Employee Retention Credit
The Employee Retention Credit (ERC) under the CARES Act has extended to July 1, 2021. Further, the refundable tax credit has increased from 50% to 70%, the per-employee wages limitation has increased from $10,000 per year to $10,000 per quarter, and the determination of a large employer for purposes of the ERC has increased from 100 to 500 employees.
30-Year Depreciation of Certain Residential Rental Property
The new law determines that the recovery period relevant to residential rental property placed in service before Jan. 1, 2018, and held by an electing real property trade or business, is 30 years.
Business Meal Deduction
Rather than the current 50% business expense deduction for meals, the bill temporarily allows a 100% expense deduction for meals provided by restaurants in 2021 and 2022.
Deduction for Energy Efficient Commercial Buildings
The deduction for energy-efficient improvements to commercial buildings, such as lighting, heating, cooling, ventilation, and hot water systems was made permanent. The amount will be inflation-adjusted after 2020.
Changes to the Work Opportunity Tax Credit
If employers hire workers who are members of one of more of ten targeted groups under the Work Opportunity Tax Credit (WOTC) program, they are permitted to use an elective general business tax credit. Previously applicable to hires before 1/1/2021, the TCDTR extends the credit through 2025.

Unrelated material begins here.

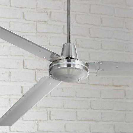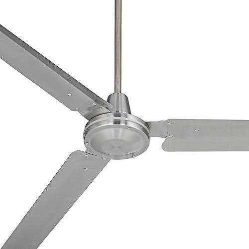 Brushed nickel motor finish. Three brushed nickel steel blades. 72″ blade span. 16 degree blade pitch. Minimum 10 foot ceiling required for installation. 188 x 25 mm motor size. Wall control included. UL listed for damp locations. Includes 6″ downrod. Fan height 12″ from ceiling to blade (with 6″ downrod). Fan height 18 3/4″ from ceiling to switch housing (with 6″ downrod). Canopy is 6 1/2″ wide, 2 1/4″ high.
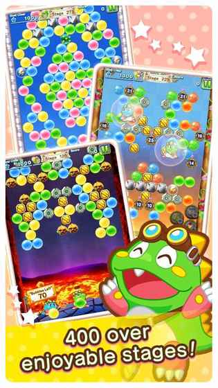 射出泡泡,并使三个及以上的泡泡挨在一起,促使他们爆炸。在每一个阶段完成您的任务,如"达到目标分数!""炸掉所有的泡沫!"和"限定步数!"!通关关卡解锁新关卡。不断前行!熟练使用各种道具和人物,以高效快速的通关!游戏中包括270个关卡!移动端版本中添加了很多新内容,比如简单模式,以及付费开启270关之后的内容。游戏还特别设计了每日挑战任务,完成可获得丰厚奖励,让玩家每天都有新的游戏动力。

Employer Payments of Student Loans
Section 127, which permits employers to provide certain educational assistance to employees on a tax-free basis, was modified under the CARES Act to authorize the payment by an employer of principal or interest on specific employee qualified education loans through December 31, 2020. The Consolidated Appropriations Act expands this through December 30, 2025. As the pandemic subsides, employers may want to consider this valuable tax-free benefit.
Health and Dependent Care Flexible Spending Arrangements
The bill allows taxpayers to roll over unused funds in their health and dependent care flexible spending accounts from 2020 to 2021 and from 2021 to 2022. This arrangement also permits employers to grant employees a 2021 midyear prospective adjustment in contribution amounts.